Al Jazeera International works to get distribution in place ahead of early '06 launch

MUMBAI: They say the younger one generally has it easier. One can't say whether that will be the case for Al Jazeera International, the soon to launch English sibling of the Qatar-based Arabic channel that has had such a huge global impact since its arrival less than a decade ago. But what is certain is that every possible effort is being made to ensure a smooth take-off in March 2006 for a channel that has in its target sights the likes of BBC and CNN.

And a key factor in that smooth take-off would be to what extent the channel manages distribution and carriage deals by launch day in March. For Al Jazeera International's commercial director Lindsey Oliver (formerly general counsel and network director of CNBC Europe), the toughest challenge will likely come in getting deals in place in the US. Whether it be big DTH operators like DirecTV and Echostar or cable giants like Comcast and Cox, getting carriage for the sister channel of one that US Defence Secretary Donald Rumsfeld and others have riled against as "consistently lying" and "working in concert with terrorists" will be no mean task.

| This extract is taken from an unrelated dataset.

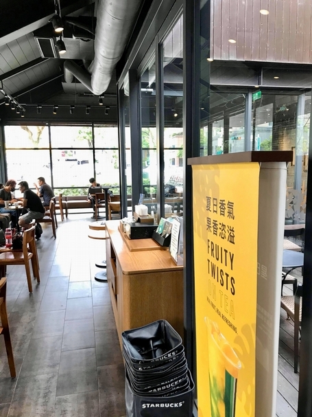還蠻有趣的,在台北市內湖區,民權東路的轉角,找到第一家綠建築的咖啡店。後來知道從空地自建開始,整地、建材選擇、結構設計、空氣循環系統、綠化植物、屋頂斜率,甚至小到施工廢棄物與垃圾回收處理,皆在LEED認證規範下進行。門市室內融合心靈花園Corner Park理念,並使用手作瓦楞紙燈具與台灣在地楠木及孟宗竹製家具,紙吸管從內而外落實環保,響應世界地球日50週年。

Oliver told during a media briefing at the recently concluded Mipcom 2005 in Cannes that "discussions are on across all the major English speaking regions" to sew up deals ahead of Al Jazeera International's March launch. Oliver, however, could not provide any inputs on whether any carriage deals were yet in place. If Oliver does manage to cross what still remains a big hurdle, there are few who doubt that the channel will find a ready audience.

One striking aspect of Al Jazeera's new English language initiative is that the core team is made up mostly of personnel drawn for the BBC and ITV. Which harks back to the circumstances that led to the formation of the Arabic channel. Al Jazeera came into being from capital provided by the emir of Qatar in April 1996 following a decision by the BBC to shut the World Service's Arabic television station. The 250 journalists who would have been rendered jobless by the decision moved en masse to Al Jazeera and the rest as they say is history.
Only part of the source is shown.